The irregularities detected by the anti-fraud wing of NHA includes cases like abuse of referral mechanism in a few hospitals where doctors in certain public hospitals were unlawfully issuing referral slips for a private hospital in return for financial benefits. In one more such case, the anti-fraud wing of the agency observed that the treating doctor in a public hospital was referring the case to his own private clinic even though there was no specialist available to treat the patient in the private clinic.

Another official said that such cases were detected because of strict gate keeping and were investigated without any delay and disciplinary action was taken immediately. Fraud cases can also include billing of services which were not provided or wrong coding of packages to charge a higher amount etc. To keep a check on such cases of hospitals overcharging and other related issues, NHA has introduced all-inclusive package rates.

Hospitals often abuse the pre-authorisation norm, which is meant to keep a check on claims. The pre-authorisation has to be approved within six hours of admitting and treating patients under the scheme and if the concerned authority does not approve within six hours, it is believed to be approved.

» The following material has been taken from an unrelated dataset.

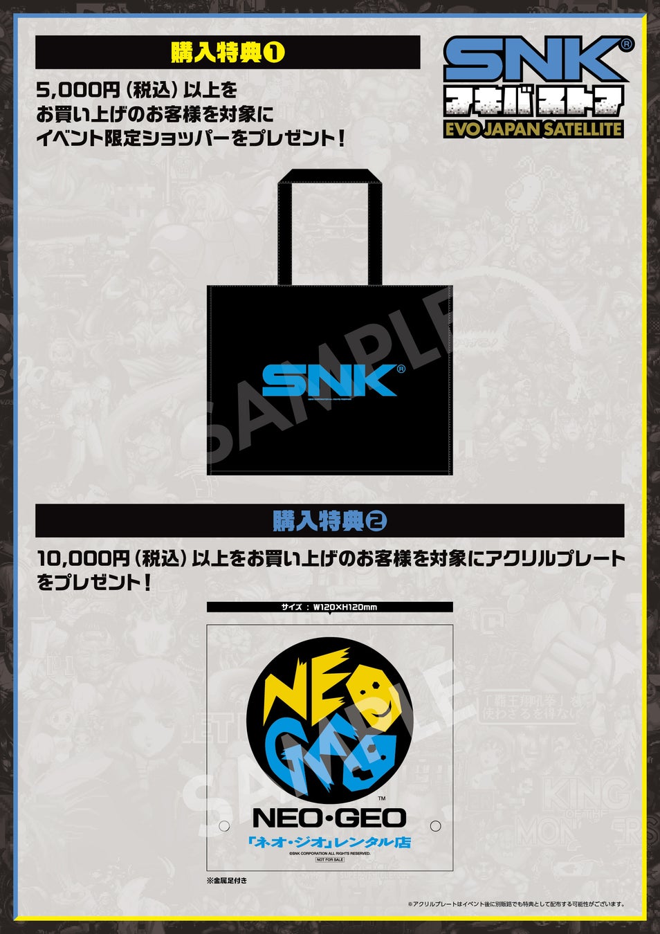 SNKブース内に設置された物販スペース「SNK アキバストア EVO JAPAN SATELLITE」において公式グッズの販売をおこないます。本イベントのために用意されたグッズのほか、「SNK アキバストア」で人気の商品、掘り出し商品のゲームソフトなどを取り揃えてお待ちしております。
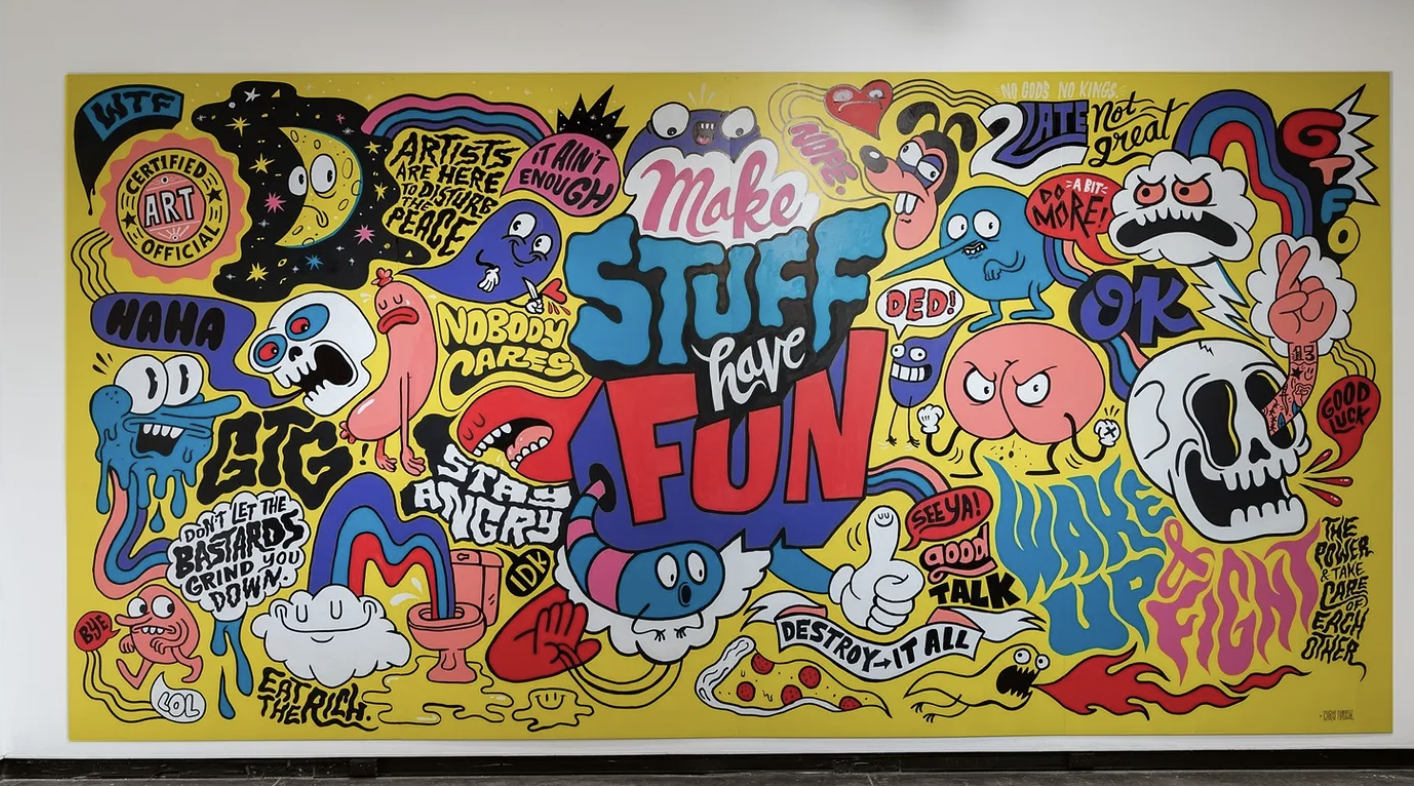 Beyond the images though, the mural is a mishmash of conflicting messages in written form. The largest message, placed at the center of the mural, exhorts the viewer to “Make stuff have fun.” However, negative messages surround the positivity. “Nobody cares”, “Stay Angry”, “Destroy it All” and “Ded” ring the central message.

Few hospitals were found initiating the process late at night when there is no one to approve.

To deal with this loophole, regular requests are being entertained only between 10 am and 5 pm. At other times, only emergencies will be taken into consideration. All pre-authorisation and claims transactions are carried out on-line basis for effectiveness and complete transparency.

NHA has designed IT systems and processes with checks and balances for all processes – beneficiary identification, transaction management system, funds flow, claims payment etc. NHA also maintains walking on a tightrope to strengthen the system by tightening the noose around private hospitals and insurance companies and ensuring a smooth access of health care services for beneficiaries of the scheme.